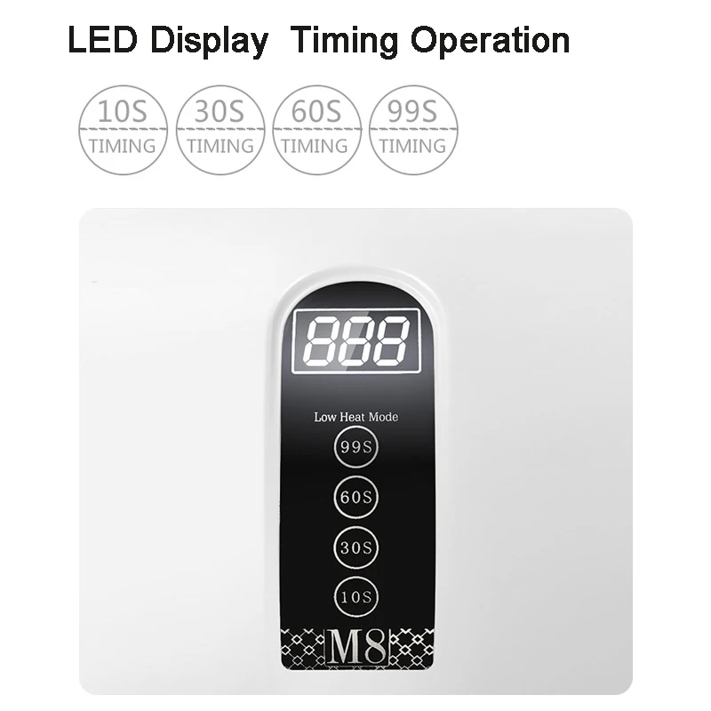 Этот продукт является профессиональным сушильщиком для лака для ногтей, обеспечивающим уход за ногтями не только для пальцев, но и для ногтей. В отличие от традиционной УФ-лампы для ногтей, кроме УФ-клея для ногтей, эта нагревательная машина также может использоваться для сушки всех других гелей для ногтей.
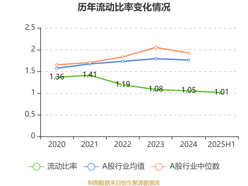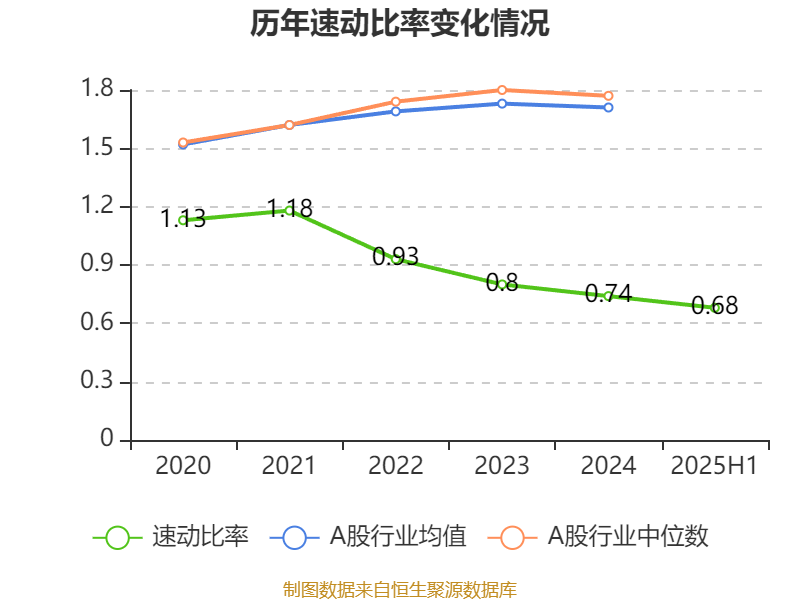 2025年上半年,公司流动比率为1.01,速动比率为0.68。
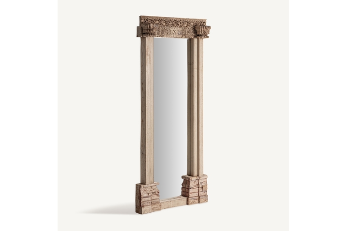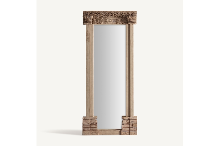 Espejo, fabricado en madera de teka en color marrón.
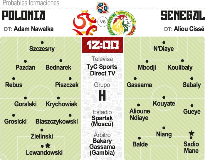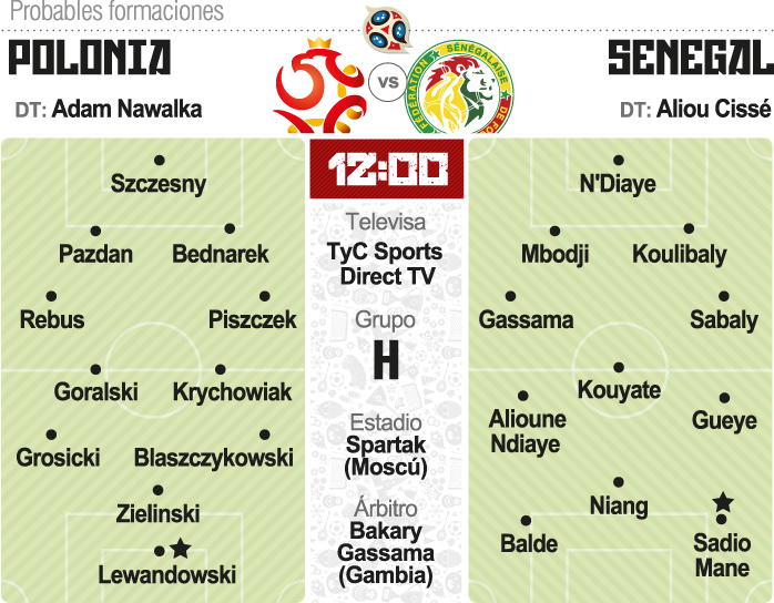El seleccionado de Polonia, liderado por el delantero Robert Lewandowski, quien tendrá su estreno mundialista a los 29 años, enfrentará hoy a su par de Senegal por la primera fecha del grupo H del Mundial de Rusia.

▬▬▬

The lines to be extracted begin at the line containing "2025年上半年,公司流动比率为1.01,速动比率为0.68。" and continue through the final line of the material above, both ends included. Reproduce them exactly, without the pictures.

 2025年上半年,公司流动比率为1.01,速动比率为0.68。
 Espejo, fabricado en madera de teka en color marrón.
El seleccionado de Polonia, liderado por el delantero Robert Lewandowski, quien tendrá su estreno mundialista a los 29 años, enfrentará hoy a su par de Senegal por la primera fecha del grupo H del Mundial de Rusia.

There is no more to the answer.